**Collected data entries:**
----
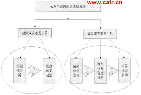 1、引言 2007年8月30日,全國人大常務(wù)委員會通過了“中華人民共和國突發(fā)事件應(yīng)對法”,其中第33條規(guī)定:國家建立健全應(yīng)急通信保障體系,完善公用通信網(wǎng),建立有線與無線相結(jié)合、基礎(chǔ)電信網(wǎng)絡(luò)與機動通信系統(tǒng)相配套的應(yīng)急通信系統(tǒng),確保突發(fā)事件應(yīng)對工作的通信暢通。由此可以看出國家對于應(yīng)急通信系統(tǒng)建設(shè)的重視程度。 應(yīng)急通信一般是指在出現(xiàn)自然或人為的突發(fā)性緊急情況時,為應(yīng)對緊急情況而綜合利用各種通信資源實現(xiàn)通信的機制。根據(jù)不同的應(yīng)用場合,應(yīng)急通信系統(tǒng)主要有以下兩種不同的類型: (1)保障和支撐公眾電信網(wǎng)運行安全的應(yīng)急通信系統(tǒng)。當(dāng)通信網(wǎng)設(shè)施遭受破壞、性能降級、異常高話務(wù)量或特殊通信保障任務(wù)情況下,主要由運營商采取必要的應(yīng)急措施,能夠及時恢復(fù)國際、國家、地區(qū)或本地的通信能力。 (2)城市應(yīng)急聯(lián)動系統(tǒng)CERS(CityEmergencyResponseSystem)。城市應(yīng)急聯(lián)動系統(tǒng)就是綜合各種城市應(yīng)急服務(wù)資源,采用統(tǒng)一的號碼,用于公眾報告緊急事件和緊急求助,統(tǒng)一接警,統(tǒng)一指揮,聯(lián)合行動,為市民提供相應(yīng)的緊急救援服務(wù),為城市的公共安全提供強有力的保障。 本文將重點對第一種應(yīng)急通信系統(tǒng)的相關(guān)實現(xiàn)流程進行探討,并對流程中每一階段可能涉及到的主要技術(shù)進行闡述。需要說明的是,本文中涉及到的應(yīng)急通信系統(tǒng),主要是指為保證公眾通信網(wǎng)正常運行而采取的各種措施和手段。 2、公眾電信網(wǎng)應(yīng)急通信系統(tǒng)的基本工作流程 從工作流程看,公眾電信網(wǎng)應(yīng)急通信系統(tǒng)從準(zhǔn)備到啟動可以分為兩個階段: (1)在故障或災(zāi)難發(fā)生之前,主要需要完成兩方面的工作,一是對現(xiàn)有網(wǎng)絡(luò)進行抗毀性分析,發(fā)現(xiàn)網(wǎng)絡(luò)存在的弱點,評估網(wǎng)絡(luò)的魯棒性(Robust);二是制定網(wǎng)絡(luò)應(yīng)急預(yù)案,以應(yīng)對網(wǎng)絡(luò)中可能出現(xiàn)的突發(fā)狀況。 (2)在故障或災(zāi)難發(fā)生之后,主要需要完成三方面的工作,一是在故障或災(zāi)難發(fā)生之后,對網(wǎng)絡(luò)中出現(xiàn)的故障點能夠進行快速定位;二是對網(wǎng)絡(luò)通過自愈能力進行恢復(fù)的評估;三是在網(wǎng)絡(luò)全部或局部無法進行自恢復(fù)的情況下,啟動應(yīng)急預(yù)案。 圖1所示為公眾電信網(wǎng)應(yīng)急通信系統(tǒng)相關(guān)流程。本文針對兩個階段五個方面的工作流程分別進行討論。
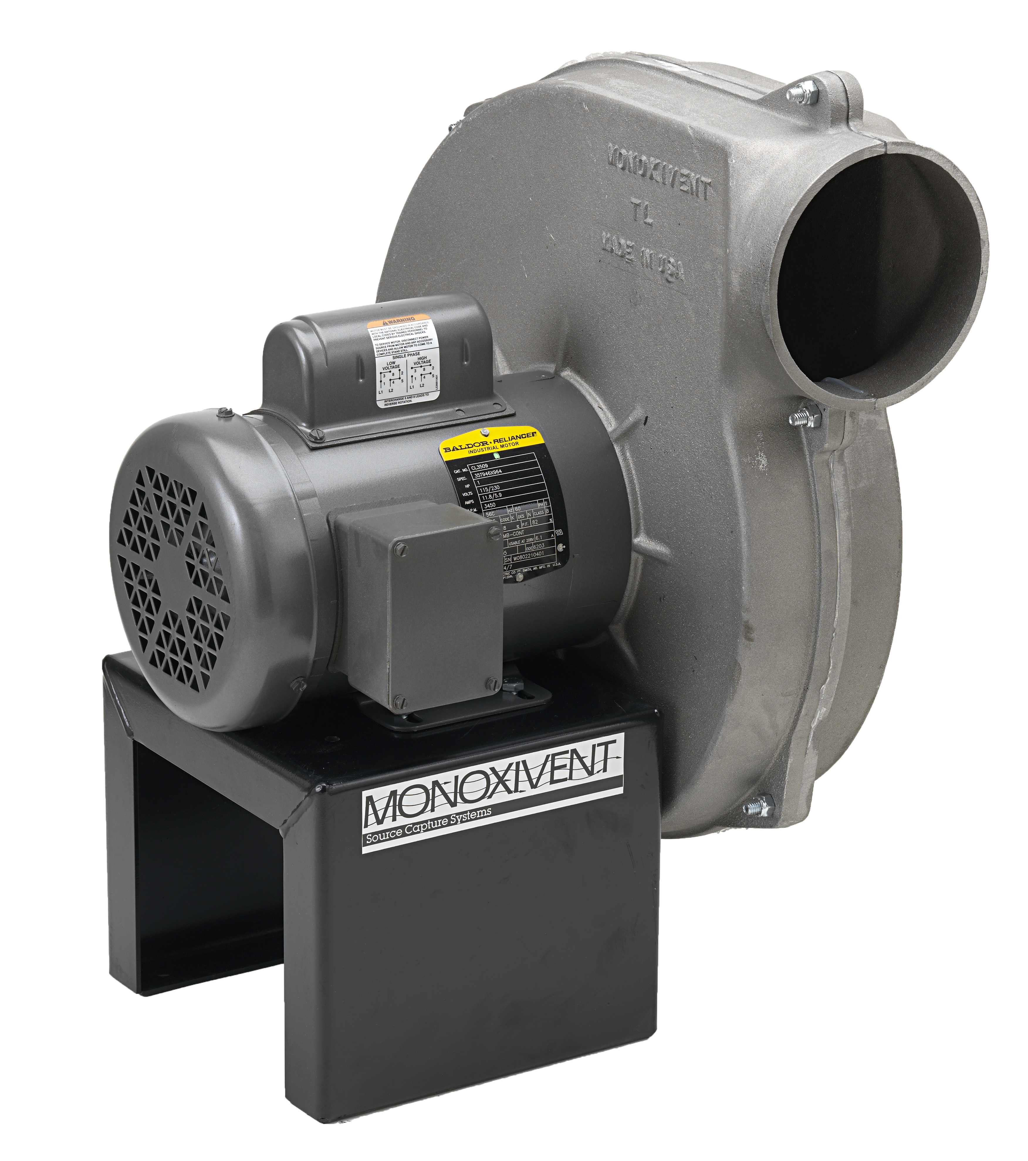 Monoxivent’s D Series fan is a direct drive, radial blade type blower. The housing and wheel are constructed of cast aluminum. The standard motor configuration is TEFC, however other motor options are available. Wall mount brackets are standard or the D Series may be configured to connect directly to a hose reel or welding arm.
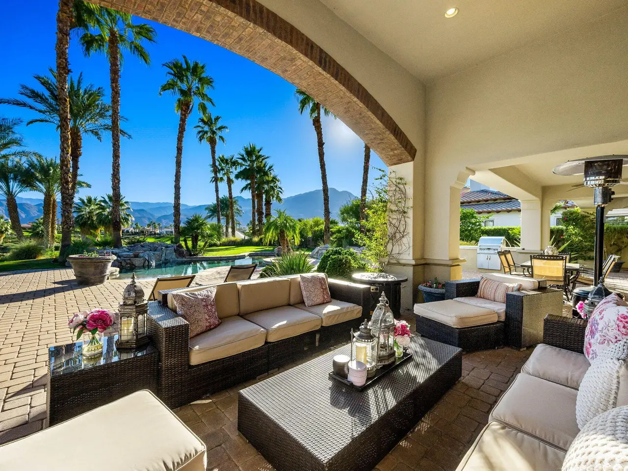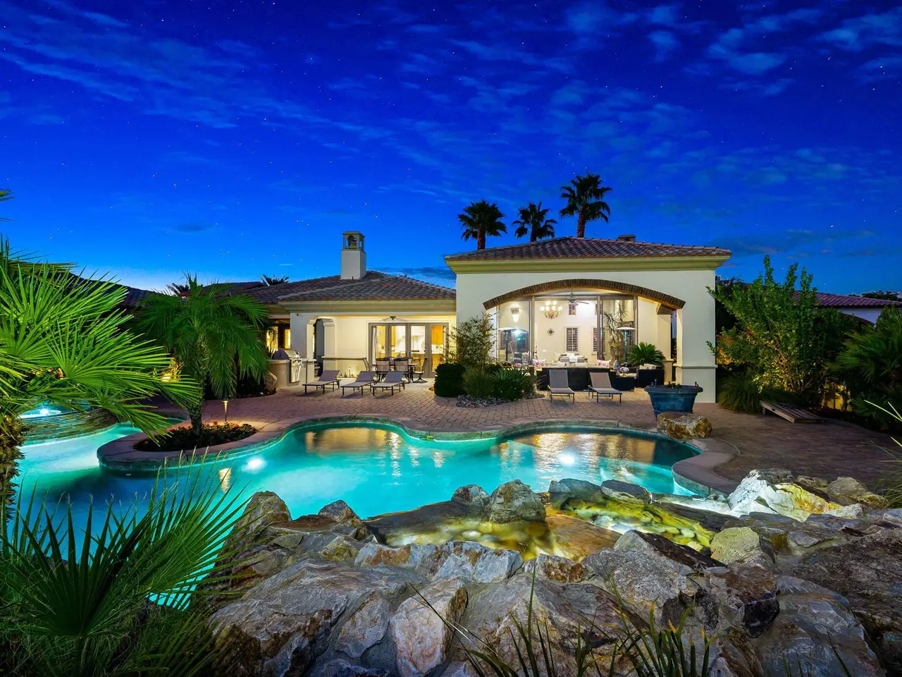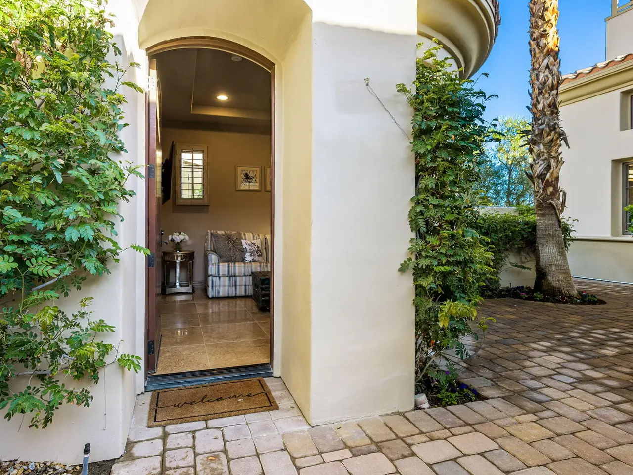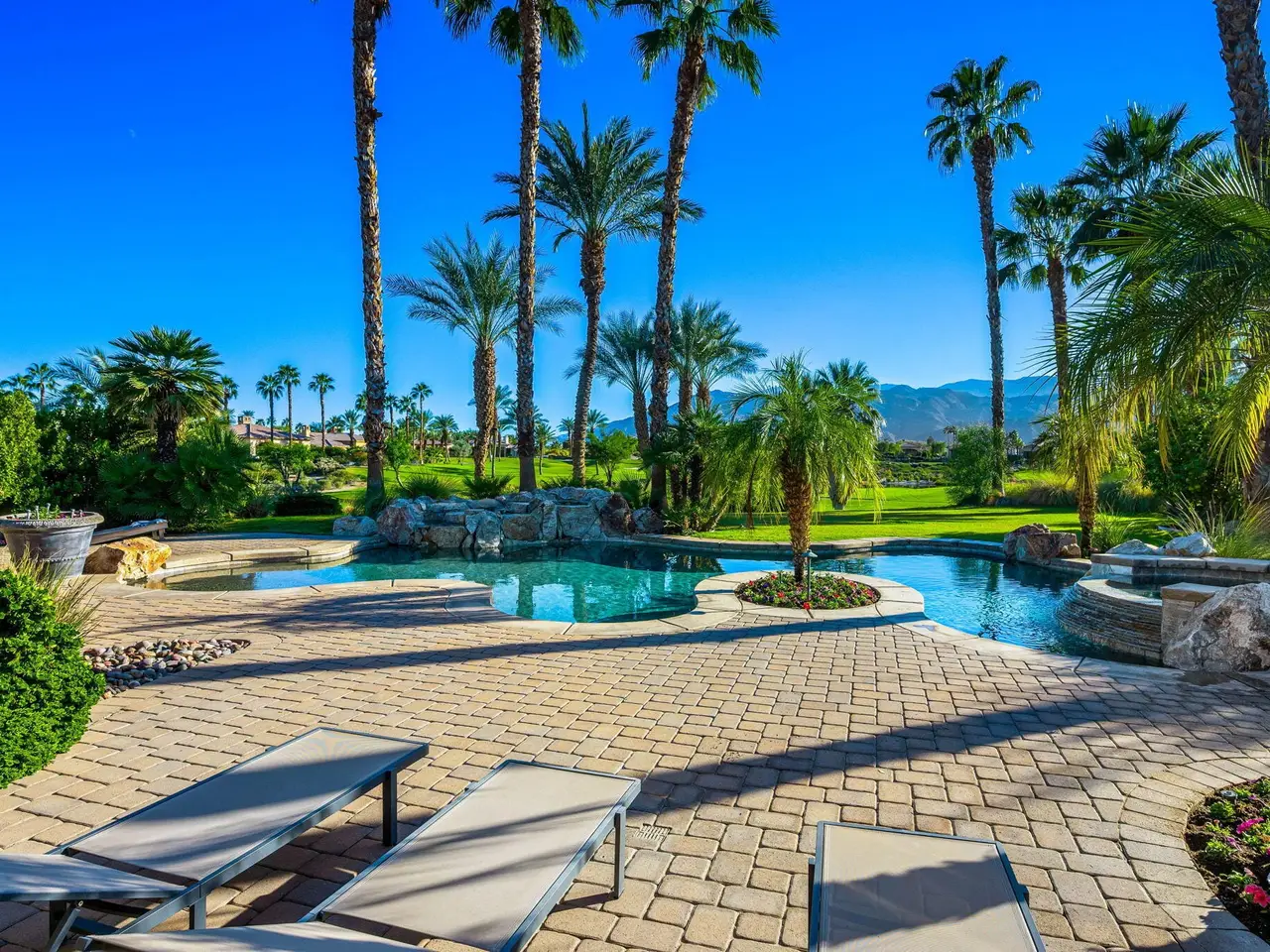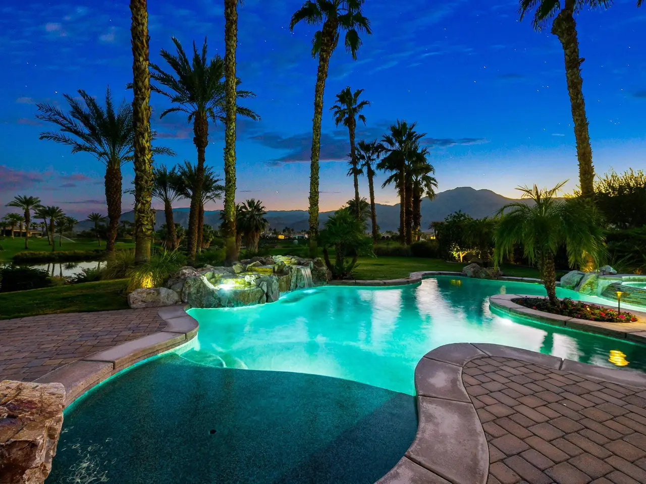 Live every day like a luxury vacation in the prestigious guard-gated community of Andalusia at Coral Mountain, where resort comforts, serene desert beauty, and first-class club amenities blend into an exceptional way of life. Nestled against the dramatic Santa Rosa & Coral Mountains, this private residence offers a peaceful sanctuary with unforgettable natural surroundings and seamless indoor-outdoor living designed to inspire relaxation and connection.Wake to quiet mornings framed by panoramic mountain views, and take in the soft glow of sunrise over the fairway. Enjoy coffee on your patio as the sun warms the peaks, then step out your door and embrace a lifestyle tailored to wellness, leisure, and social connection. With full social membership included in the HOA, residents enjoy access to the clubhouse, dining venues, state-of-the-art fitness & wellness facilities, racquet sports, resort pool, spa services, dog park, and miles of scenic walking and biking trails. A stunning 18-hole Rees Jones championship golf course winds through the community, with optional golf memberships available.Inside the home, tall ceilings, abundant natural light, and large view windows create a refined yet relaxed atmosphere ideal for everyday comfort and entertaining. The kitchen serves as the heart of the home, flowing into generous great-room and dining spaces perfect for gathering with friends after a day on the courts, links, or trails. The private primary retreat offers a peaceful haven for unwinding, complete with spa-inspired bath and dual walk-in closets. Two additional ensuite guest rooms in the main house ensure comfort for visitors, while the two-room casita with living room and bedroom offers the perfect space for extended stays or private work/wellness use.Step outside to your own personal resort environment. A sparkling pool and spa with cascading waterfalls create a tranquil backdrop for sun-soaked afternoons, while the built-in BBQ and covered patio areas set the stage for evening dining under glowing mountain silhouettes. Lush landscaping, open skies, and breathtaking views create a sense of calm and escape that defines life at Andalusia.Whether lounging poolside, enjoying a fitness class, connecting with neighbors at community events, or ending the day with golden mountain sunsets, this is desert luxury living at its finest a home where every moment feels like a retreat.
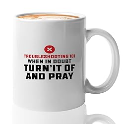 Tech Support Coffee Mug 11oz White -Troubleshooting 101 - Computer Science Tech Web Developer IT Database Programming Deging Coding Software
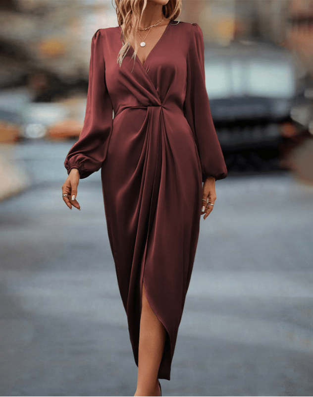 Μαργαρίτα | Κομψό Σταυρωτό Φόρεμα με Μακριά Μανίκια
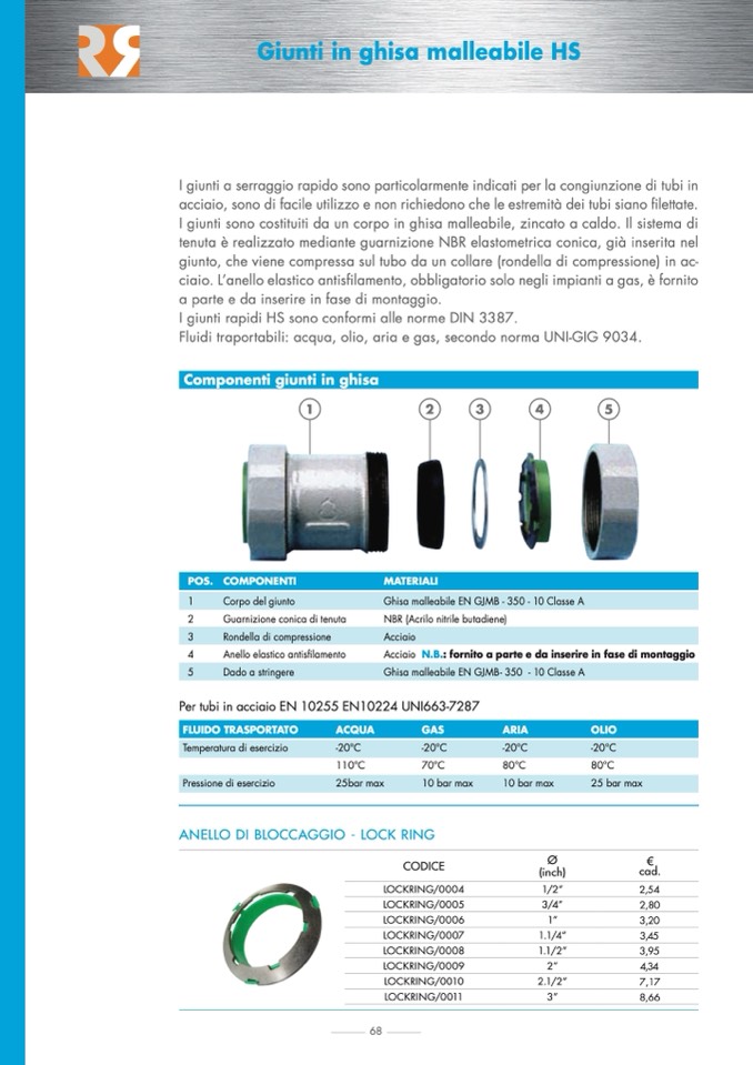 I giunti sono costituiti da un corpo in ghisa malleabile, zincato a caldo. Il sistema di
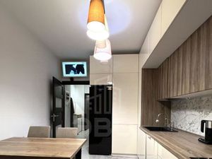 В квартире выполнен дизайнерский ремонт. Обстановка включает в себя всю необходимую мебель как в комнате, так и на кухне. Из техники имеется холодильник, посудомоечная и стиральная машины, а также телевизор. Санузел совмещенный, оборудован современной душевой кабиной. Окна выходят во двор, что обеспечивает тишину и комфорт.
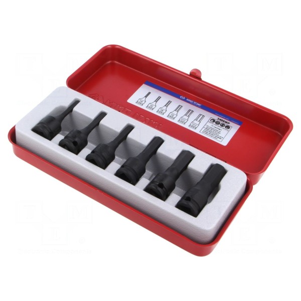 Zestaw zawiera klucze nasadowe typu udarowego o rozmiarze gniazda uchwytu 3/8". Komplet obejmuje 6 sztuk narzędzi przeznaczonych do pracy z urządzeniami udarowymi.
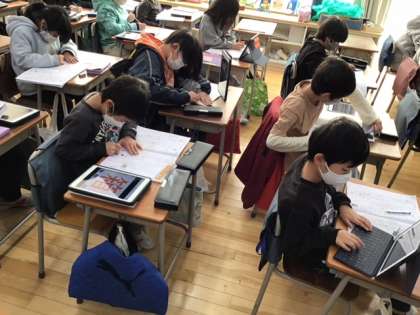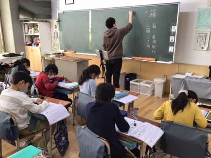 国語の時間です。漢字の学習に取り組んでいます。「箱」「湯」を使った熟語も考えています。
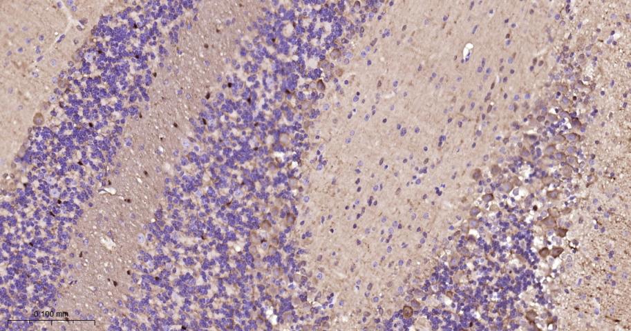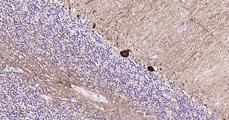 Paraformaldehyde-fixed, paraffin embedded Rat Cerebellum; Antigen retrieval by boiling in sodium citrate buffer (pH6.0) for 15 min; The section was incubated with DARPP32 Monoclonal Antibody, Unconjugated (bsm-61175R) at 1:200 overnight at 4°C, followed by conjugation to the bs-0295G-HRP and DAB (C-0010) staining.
----
**Exercise directions:**
Write the entries out in full and exactly, omitting every picture.

**Exercise response:**
 1、引言 2007年8月30日,全國人大常務(wù)委員會通過了“中華人民共和國突發(fā)事件應(yīng)對法”,其中第33條規(guī)定:國家建立健全應(yīng)急通信保障體系,完善公用通信網(wǎng),建立有線與無線相結(jié)合、基礎(chǔ)電信網(wǎng)絡(luò)與機動通信系統(tǒng)相配套的應(yīng)急通信系統(tǒng),確保突發(fā)事件應(yīng)對工作的通信暢通。由此可以看出國家對于應(yīng)急通信系統(tǒng)建設(shè)的重視程度。 應(yīng)急通信一般是指在出現(xiàn)自然或人為的突發(fā)性緊急情況時,為應(yīng)對緊急情況而綜合利用各種通信資源實現(xiàn)通信的機制。根據(jù)不同的應(yīng)用場合,應(yīng)急通信系統(tǒng)主要有以下兩種不同的類型: (1)保障和支撐公眾電信網(wǎng)運行安全的應(yīng)急通信系統(tǒng)。當(dāng)通信網(wǎng)設(shè)施遭受破壞、性能降級、異常高話務(wù)量或特殊通信保障任務(wù)情況下,主要由運營商采取必要的應(yīng)急措施,能夠及時恢復(fù)國際、國家、地區(qū)或本地的通信能力。 (2)城市應(yīng)急聯(lián)動系統(tǒng)CERS(CityEmergencyResponseSystem)。城市應(yīng)急聯(lián)動系統(tǒng)就是綜合各種城市應(yīng)急服務(wù)資源,采用統(tǒng)一的號碼,用于公眾報告緊急事件和緊急求助,統(tǒng)一接警,統(tǒng)一指揮,聯(lián)合行動,為市民提供相應(yīng)的緊急救援服務(wù),為城市的公共安全提供強有力的保障。 本文將重點對第一種應(yīng)急通信系統(tǒng)的相關(guān)實現(xiàn)流程進行探討,并對流程中每一階段可能涉及到的主要技術(shù)進行闡述。需要說明的是,本文中涉及到的應(yīng)急通信系統(tǒng),主要是指為保證公眾通信網(wǎng)正常運行而采取的各種措施和手段。 2、公眾電信網(wǎng)應(yīng)急通信系統(tǒng)的基本工作流程 從工作流程看,公眾電信網(wǎng)應(yīng)急通信系統(tǒng)從準(zhǔn)備到啟動可以分為兩個階段: (1)在故障或災(zāi)難發(fā)生之前,主要需要完成兩方面的工作,一是對現(xiàn)有網(wǎng)絡(luò)進行抗毀性分析,發(fā)現(xiàn)網(wǎng)絡(luò)存在的弱點,評估網(wǎng)絡(luò)的魯棒性(Robust);二是制定網(wǎng)絡(luò)應(yīng)急預(yù)案,以應(yīng)對網(wǎng)絡(luò)中可能出現(xiàn)的突發(fā)狀況。 (2)在故障或災(zāi)難發(fā)生之后,主要需要完成三方面的工作,一是在故障或災(zāi)難發(fā)生之后,對網(wǎng)絡(luò)中出現(xiàn)的故障點能夠進行快速定位;二是對網(wǎng)絡(luò)通過自愈能力進行恢復(fù)的評估;三是在網(wǎng)絡(luò)全部或局部無法進行自恢復(fù)的情況下,啟動應(yīng)急預(yù)案。 圖1所示為公眾電信網(wǎng)應(yīng)急通信系統(tǒng)相關(guān)流程。本文針對兩個階段五個方面的工作流程分別進行討論。
 Monoxivent’s D Series fan is a direct drive, radial blade type blower. The housing and wheel are constructed of cast aluminum. The standard motor configuration is TEFC, however other motor options are available. Wall mount brackets are standard or the D Series may be configured to connect directly to a hose reel or welding arm.
 Live every day like a luxury vacation in the prestigious guard-gated community of Andalusia at Coral Mountain, where resort comforts, serene desert beauty, and first-class club amenities blend into an exceptional way of life. Nestled against the dramatic Santa Rosa & Coral Mountains, this private residence offers a peaceful sanctuary with unforgettable natural surroundings and seamless indoor-outdoor living designed to inspire relaxation and connection.Wake to quiet mornings framed by panoramic mountain views, and take in the soft glow of sunrise over the fairway. Enjoy coffee on your patio as the sun warms the peaks, then step out your door and embrace a lifestyle tailored to wellness, leisure, and social connection. With full social membership included in the HOA, residents enjoy access to the clubhouse, dining venues, state-of-the-art fitness & wellness facilities, racquet sports, resort pool, spa services, dog park, and miles of scenic walking and biking trails. A stunning 18-hole Rees Jones championship golf course winds through the community, with optional golf memberships available.Inside the home, tall ceilings, abundant natural light, and large view windows create a refined yet relaxed atmosphere ideal for everyday comfort and entertaining. The kitchen serves as the heart of the home, flowing into generous great-room and dining spaces perfect for gathering with friends after a day on the courts, links, or trails. The private primary retreat offers a peaceful haven for unwinding, complete with spa-inspired bath and dual walk-in closets. Two additional ensuite guest rooms in the main house ensure comfort for visitors, while the two-room casita with living room and bedroom offers the perfect space for extended stays or private work/wellness use.Step outside to your own personal resort environment. A sparkling pool and spa with cascading waterfalls create a tranquil backdrop for sun-soaked afternoons, while the built-in BBQ and covered patio areas set the stage for evening dining under glowing mountain silhouettes. Lush landscaping, open skies, and breathtaking views create a sense of calm and escape that defines life at Andalusia.Whether lounging poolside, enjoying a fitness class, connecting with neighbors at community events, or ending the day with golden mountain sunsets, this is desert luxury living at its finest a home where every moment feels like a retreat.
 Tech Support Coffee Mug 11oz White -Troubleshooting 101 - Computer Science Tech Web Developer IT Database Programming Deging Coding Software
 Μαργαρίτα | Κομψό Σταυρωτό Φόρεμα με Μακριά Μανίκια
 I giunti sono costituiti da un corpo in ghisa malleabile, zincato a caldo. Il sistema di
 В квартире выполнен дизайнерский ремонт. Обстановка включает в себя всю необходимую мебель как в комнате, так и на кухне. Из техники имеется холодильник, посудомоечная и стиральная машины, а также телевизор. Санузел совмещенный, оборудован современной душевой кабиной. Окна выходят во двор, что обеспечивает тишину и комфорт.
 Zestaw zawiera klucze nasadowe typu udarowego o rozmiarze gniazda uchwytu 3/8". Komplet obejmuje 6 sztuk narzędzi przeznaczonych do pracy z urządzeniami udarowymi.
 国語の時間です。漢字の学習に取り組んでいます。「箱」「湯」を使った熟語も考えています。
 Paraformaldehyde-fixed, paraffin embedded Rat Cerebellum; Antigen retrieval by boiling in sodium citrate buffer (pH6.0) for 15 min; The section was incubated with DARPP32 Monoclonal Antibody, Unconjugated (bsm-61175R) at 1:200 overnight at 4°C, followed by conjugation to the bs-0295G-HRP and DAB (C-0010) staining.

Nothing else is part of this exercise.